Our Ukraine team spent May 6 at the AWS Summit (EXPO XXI) in Warsaw. Here is what we saw, what surprised us, and what we are bringing back.
EXPO XXI is a short ride from the center of Warsaw, and on a May morning you can feel the conference before you see it. The queue outside was long but moving fast. Hoodies, lanyards, laptop bags. The crowd skewed more senior than you might expect at a free regional event.
Our plan was deliberate. Show up early, split the agenda, cover more ground in parallel, regroup over coffee, and most importantly, validate our approach.

Robots & Pencils team members in attendance, from left to right: Stanislav Makar, Rostyslav Volskyi, and Bohdan Popovych.
Agentic AI is the AWS Headline.
The opening keynote made one thing clear. Agentic AI is the organizing thesis for everything AWS is building in 2026.
Three names anchored the story. Kiro, the agentic IDE that got a fresh push at re:Invent 2025, featured prominently with its spec-driven development model, sequenced task generation, and agents that produce tests alongside code. Nova 2, the model powering more of the AWS AI surface, continues its region-by-region rollout. AWS Transform, their modernization platform for mainframe, VMware, and .NET workloads, framed as the agentic path into enterprise legacy systems.
Real customer stories on stage. Real numbers. Real screenshots. The European Sovereign Cloud and the EMEA AI Hub got dedicated time, which landed well with the Warsaw audience. The framing was consistent throughout: the shift from AI tools you prompt to AI agents that reason, plan, and act is underway. The question for builders is how you instrument, evaluate, and trust what those agents do.

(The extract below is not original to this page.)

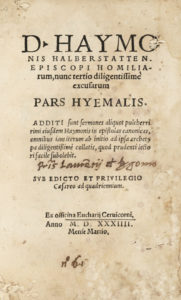 HAIMO Halberstadensis, Homiliarum, nunc tertio diligentissimè excusarum pars hyemalis... S.l. [i.e. Köln] : ex officina Eucharij Ceruicorni, 1534 mense Martio. In-8° (mm 156x100).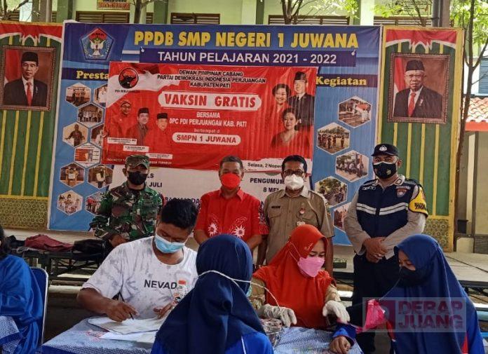 Kabupaten Pati – Sekretaris DPC PDI Perjuangan Kab. Pati, Sutarto Oenthersa bekerja sama dengan Puskesmas Juwana melaksanakan vaksinasi tahap pertama untuk usia 12 tahun ke atas di Kec. Juwana, Rabu (03/11/2021).

That question got a very good answer in the next session.

The Session That Landed: AgentCore Evaluations in Production
Right timing matters at a conference, and the AgentCore deep-dive landed at exactly the right moment. AWS spent the spring pushing AgentCore Evaluations hard. It went GA on March 31, 2026, and the Warsaw session put it directly in front of European builders.

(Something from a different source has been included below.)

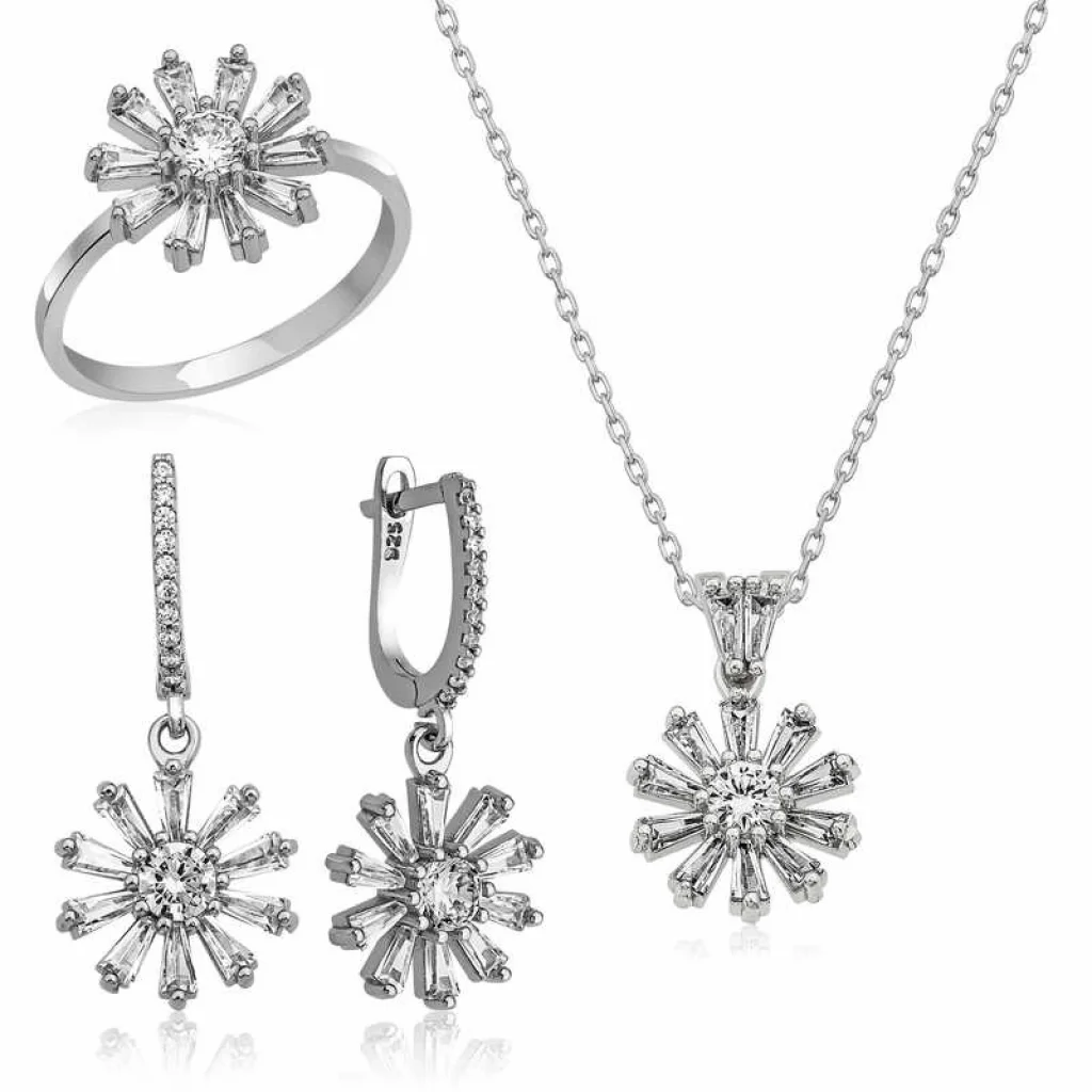 Gümüş Trapez Taşlı Çiçek Bayan Set

The plain-language version of what it does: a managed service that continuously monitors agent quality against real production traces, not just test suites. You are shipping agents. You need to know they work. Handing someone a scorecard you hand-rolled for each project is not a sustainable answer. This is.
The built-in evaluators cover what matters in production:
- Correctness. Did the agent get the answer right?
- Helpfulness. Was the response useful to the person asking?
- Tool selection accuracy. Did the agent pick the right tool for the step?
- Safety. Did anything in the output violate policy?
- Goal success rate. Did the multi-step task complete?
- Context relevance. Did the retrieved context match the question?
On top of those you can configure custom evaluators. LLM-as-judge with your own prompt and model, or code-based evaluators running on Lambda. The same framework handles hallucination detection and JSON schema validation without forcing two different toolchains.
The detail that made us lean forward: full OpenTelemetry compatibility. The evaluator scores flow into existing dashboards alongside session count, latency, token usage, and error rates. You can alert on agent quality the same way you alert on a CPU spike.
For anyone building agents on behalf of enterprise customers, this solves the credibility problem. “How do you know it works in production” is no longer a hand-waving moment.
The Best Conversation Happened at the Espresso Machine
One of the more useful exchanges of the day started while waiting for coffee.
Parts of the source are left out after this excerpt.